Perhaps the most troubling finding from our college study was the striking lack of agreement—within and across subject groups—about the mission(s) of their respective institution of higher learning. This finding only emerged gradually after years of reading and contemplating the testimony of approximately two thousand subjects. Back in 2012, when the study was launched, we could never have anticipated the particular configuration of responses that emerged.
Full stop.
When I first studied psychological research methods (60 years ago)—and, indeed, when we first began our studies of good work in the professions (30 years ago)—it was not possible (at least for most mere mortals) to anticipate how the type of research that I’ve personally favored could have been radically streamlined. The gulf between quantitatively and qualitatively oriented research approach was quite sharp and seemingly unfordable. (But see the thoughtful comment below from Leonard Saxe.)
Example of a conversation using the ELIZA chatbot (1966)
But with the advent of Large Language Models (LLM), the terrain may be radically simplified and smoothened.

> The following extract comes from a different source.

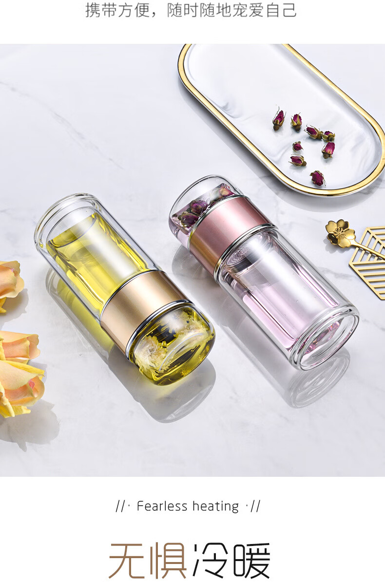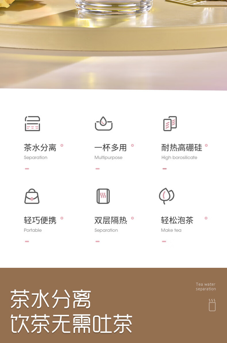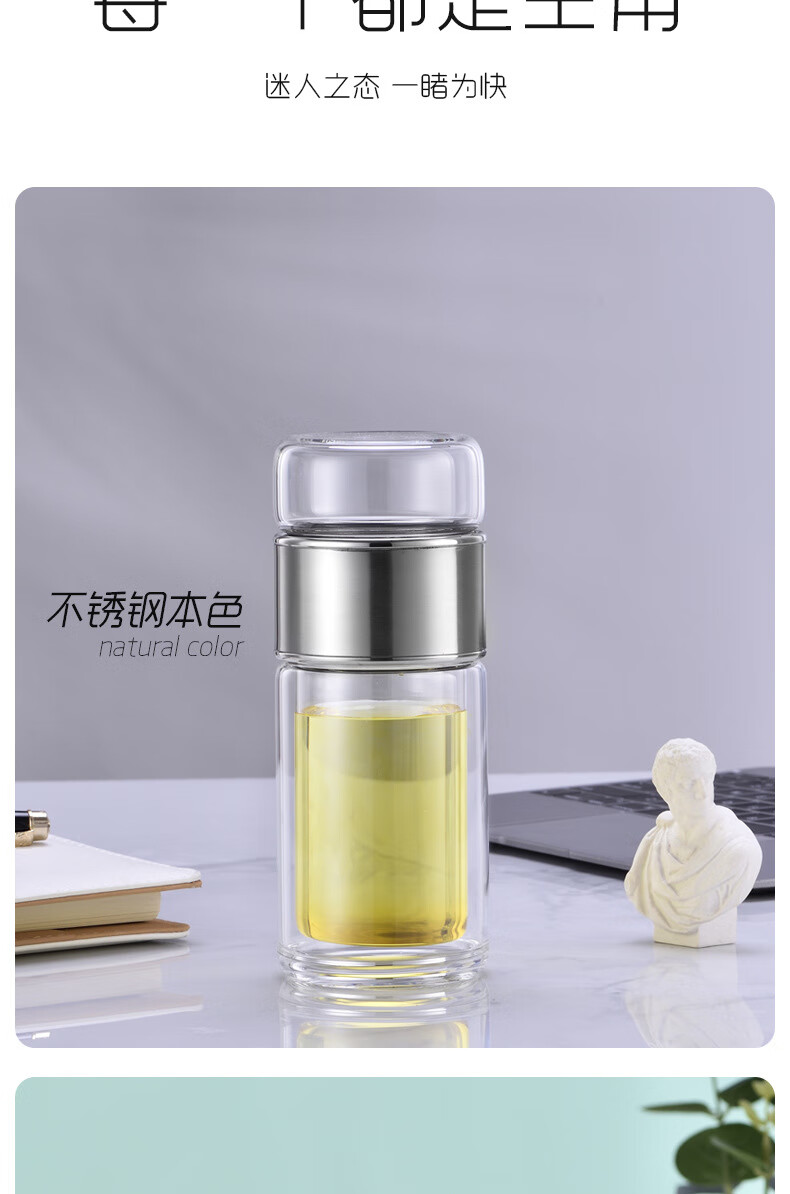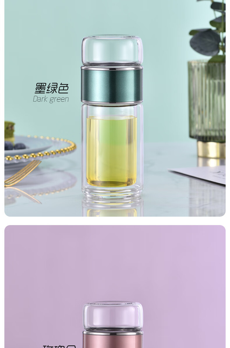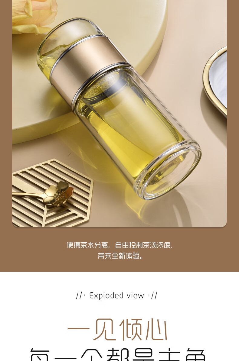 双层隔热茶水分离杯男女泡茶杯高颜值花茶玻璃杯小 琉璃黑 1只 350ml
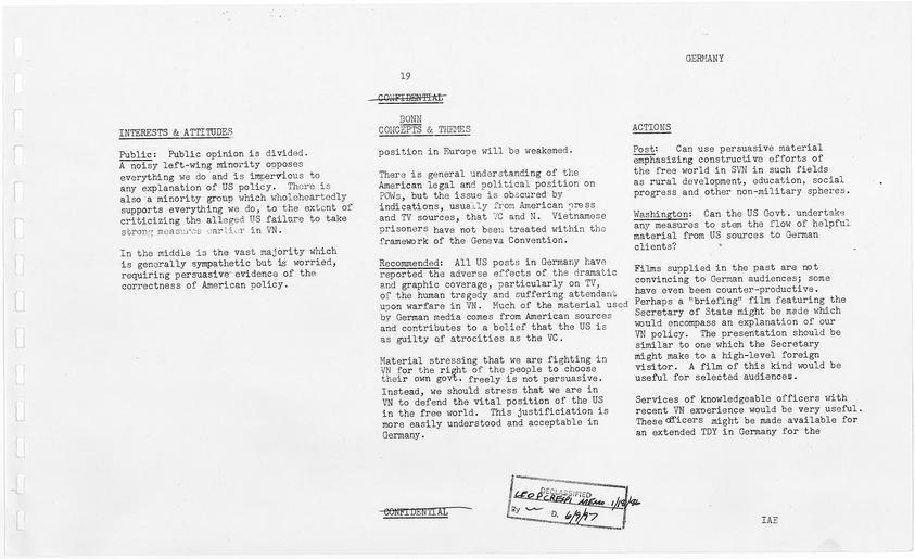 | Keywords: Vietnam and World Opinion, p. 24 of 118 - NARA - 304226.tif Scope and content General notes 304226 Local identifier U S Information Agency Office of Research and Media Reaction ca 1996 - 10/01/1999 Most Recent <br/> U S Information Agency Office of Research 10/31/1973 - 03/27/1978 Predecessor <br/> U S Information Agency Office of Research and Evaluation 11/19/1953 - 04/30/1954 Predecessor <br/> U S Information Agency Office of Research 1982 - 1999 Predecessor National Archives at College Park - Textual Reference Civilian RD-DC-2-CIV National Archives at College Park 8601 Adelphi Road College Park MD 20740-6001 date 1966 Record group Record Group 306 Records of the U S Information Agency 1900 - 2003 Record group ARC 622 Special Reports compiled 1953 - 1997 Series ARC 1098728 File unit File unit ARC Variant control numbers NAIL Control Number NWCTC-306-SREPS-1966S 15 NAIL Control Number NWDT2-306-SREPS-1966S 15 yes Other versions <gallery> File Vietnam and World Opinion p 1 of 118 - NARA - 304226 tif This page as TIFF File Vietnam and World Opinion p 1 of 118 - NARA - 304226 jpg This page as JPG </gallery> Other pages <gallery> File Vietnam and World Opinion p 1 of 118 - NARA - 304226 tif page 1 TIFF File Vietnam and World Opinion p 2 of 118 - NARA - 304226 tif page 2 TIFF File Vietnam and World Opinion p 3 of 118 - NARA - 304226 tif page 3 TIFF File Vietnam and World Opinion p 4 of 118 - NARA - 304226 tif page 4 TIFF File Vietnam and World Opinion p 5 of 118 - NARA - 304226 tif page 5 TIFF File Vietnam and World Opinion p 6 of 118 - NARA - 304226 tif page 6 TIFF File Vietnam and World Opinion p 7 of 118 - NARA - 304226 tif page 7 TIFF File Vietnam and World Opinion p 8 of 118 - NARA - 304226 tif page 8 TIFF File Vietnam and World Opinion p 9 of 118 - NARA - 304226 tif page 9 TIFF File Vietnam and World Opinion p 10 of 118 - NARA - 304226 tif page 10 TIFF File Vietnam and World Opinion p 11 of 118 - NARA - 304226 tif page 11 TIFF File Vietnam and World Opinion p 12 of 118 - NARA - 304226 tif page 12 TIFF File Vietnam and World Opinion p 13 of 118 - NARA - 304226 tif page 13 TIFF File Vietnam and World Opinion p 14 of 118 - NARA - 304226 tif page 14 TIFF File Vietnam and World Opinion p 15 of 118 - NARA - 304226 tif page 15 TIFF File Vietnam and World Opinion p 16 of 118 - NARA - 304226 tif page 16 TIFF File Vietnam and World Opinion p 17 of 118 - NARA - 304226 tif page 17 TIFF File Vietnam and World Opinion p 18 of 118 - NARA - 304226 tif page 18 TIFF File Vietnam and World Opinion p 19 of 118 - NARA - 304226 tif page 19 TIFF File Vietnam and World Opinion p 20 of 118 - NARA - 304226 tif page 20 TIFF File Vietnam and World Opinion p 21 of 118 - NARA - 304226 tif page 21 TIFF File Vietnam and World Opinion p 22 of 118 - NARA - 304226 tif page 22 TIFF File Vietnam and World Opinion p 23 of 118 - NARA - 304226 tif page 23 TIFF File Vietnam and World Opinion p 24 of 118 - NARA - 304226 tif page 24 TIFF File Vietnam and World Opinion p 25 of 118 - NARA - 304226 tif page 25 TIFF File Vietnam and World Opinion p 26 of 118 - NARA - 304226 tif page 26 TIFF File Vietnam and World Opinion p 27 of 118 - NARA - 304226 tif page 27 TIFF File Vietnam and World Opinion p 28 of 118 - NARA - 304226 tif page 28 TIFF File Vietnam and World Opinion p 29 of 118 - NARA - 304226 tif page 29 TIFF File Vietnam and World Opinion p 30 of 118 - NARA - 304226 tif page 30 TIFF File Vietnam and World Opinion p 31 of 118 - NARA - 304226 tif page 31 TIFF File Vietnam and World Opinion p 32 of 118 - NARA - 304226 tif page 32 TIFF File Vietnam and World Opinion p 33 of 118 - NARA - 304226 tif page 33 TIFF File Vietnam and World Opinion p 34 of 118 - NARA - 304226 tif page 34 TIFF File Vietnam and World Opinion p 35 of 118 - NARA - 304226 tif page 35 TIFF File Vietnam and World Opinion p 36 of 118 - NARA - 304226 tif page 36 TIFF File Vietnam and World Opinion p 37 of 118 - NARA - 304226 tif page 37 TIFF File Vietnam and World Opinion p 38 of 118 - NARA - 304226 tif page 38 TIFF File Vietnam and World Opinion p 39 of 118 - NARA - 304226 tif page 39 TIFF File Vietnam and World Opinion p 40 of 118 - NARA - 304226 tif page 40 TIFF File Vietnam and World Opinion p 41 of 118 - NARA - 304226 tif page 41 TIFF File Vietnam and World Opinion p 42 of 118 - NARA - 304226 tif page 42 TIFF File Vietnam and World Opinion p 43 of 118 - NARA - 304226 tif page 43 TIFF File Vietnam and World Opinion p 44 of 118 - NARA - 304226 tif page 44 TIFF File Vietnam and World Opinion p 45 of 118 - NARA - 304226 tif page 45 TIFF File Vietnam and World Opinion p 46 of 118 - NARA - 304226 tif page 46 TIFF File Vietnam and World Opinion p 47 of 118 - NARA - 304226 tif page 47 TIFF File Vietnam and World Opinion p 48 of 118 - NARA - 304226 tif page 48 TIFF File Vietnam and World Opinion p 49 of 118 - NARA - 304226 tif page 49 TIFF File Vietnam and World Opinion p 50 of 118 - NARA - 304226 tif page 50 TIFF File Vietnam and World Opinion p 51 of 118 - NARA - 304226 tif page 51 TIFF File Vietnam and World Opinion p 52 of 118 - NARA - 304226 tif page 52 TIFF File Vietnam and World Opinion p 53 of 118 - NARA - 304226 tif page 53 TIFF File Vietnam and World Opinion p 54 of 118 - NARA - 304226 tif page 54 TIFF File Vietnam and World Opinion p 55 of 118 - NARA - 304226 tif page 55 TIFF File Vietnam and World Opinion p 56 of 118 - NARA - 304226 tif page 56 TIFF File Vietnam and World Opinion p 57 of 118 - NARA - 304226 tif page 57 TIFF File Vietnam and World Opinion p 58 of 118 - NARA - 304226 tif page 58 TIFF File Vietnam and World Opinion p 59 of 118 - NARA - 304226 tif page 59 TIFF File Vietnam and World Opinion p 60 of 118 - NARA - 304226 tif page 60 TIFF File Vietnam and World Opinion p 61 of 118 - NARA - 304226 tif page 61 TIFF File Vietnam and World Opinion p 62 of 118 - NARA - 304226 tif page 62 TIFF File Vietnam and World Opinion p 63 of 118 - NARA - 304226 tif page 63 TIFF File Vietnam and World Opinion p 64 of 118 - NARA - 304226 tif page 64 TI

It’s already clear that much of the coding of conversational transcripts (each of which can easily run a dozen single-spaced pages) can be done reasonably well by such instruments—80% agreement between LLM and human coders seems well within reach. As responsible researchers, we would continue to do some coding ourselves but the lion’s share of the coding could be done reliably by LLMs. And though it does not elate me to say this: the kinds of person-to-person interviews that we (and others in the Piagetian-tradition) have used for decades—initially in-person, now often via Zoom or an equivalent platform—could also be done competently by a Large Language Instrument, a psychological version of a well-informed and sympathetic Alexa…or, to go back a half century, to ELIZA, as devised by pioneering computer scientist Joseph Weizenbaum.
Perhaps it may even be possible to have the best of two worlds: open-ended conversations with individuals drawn from a given population (be it professionals across different vocations or diverse denizens on a college campus) and reliable scoring of these conversations—establishing firm and replicable empirical results.
There remain questions for those who conceive of these studies—the comfort of “subjects” in conversing with a computational system, the issue of responsibility for the analysis of data, the task of placing the findings within the broader scholarly literature…and (ultimately) in forms that make sense as well to the general public. Perhaps all of this will be done by LLM—in which case, we can close down our universities and research institutions and just play soccer, ping-pong, or bridge…or create and exercise entirely new forms of cognition. (I hope that these dystopic outcomes will not occur—but my crystal ball is no less clouded than that of my readers.)
Of course, there are challenges—confidentiality, costs, consequences—but also opportunities for training that can capture the best of both quantitative and qualitative approaches to research. And I’m pleased to say that, thanks to the support of the Kern Family Foundation, our research team is exploring these opportunities.
REFERENCES
Fischman, W. and Gardner, H. (2022). The real world of college. MIT Press.
Gardner, H., Csikszentmihalyi, M, Damon,W. (2001). Good work: when excellence and ethics meet. Basic Books.
Weizenbaum, J. (1976). Computer power and human reason: from judgment to calculation. W.H. Freeman and Company.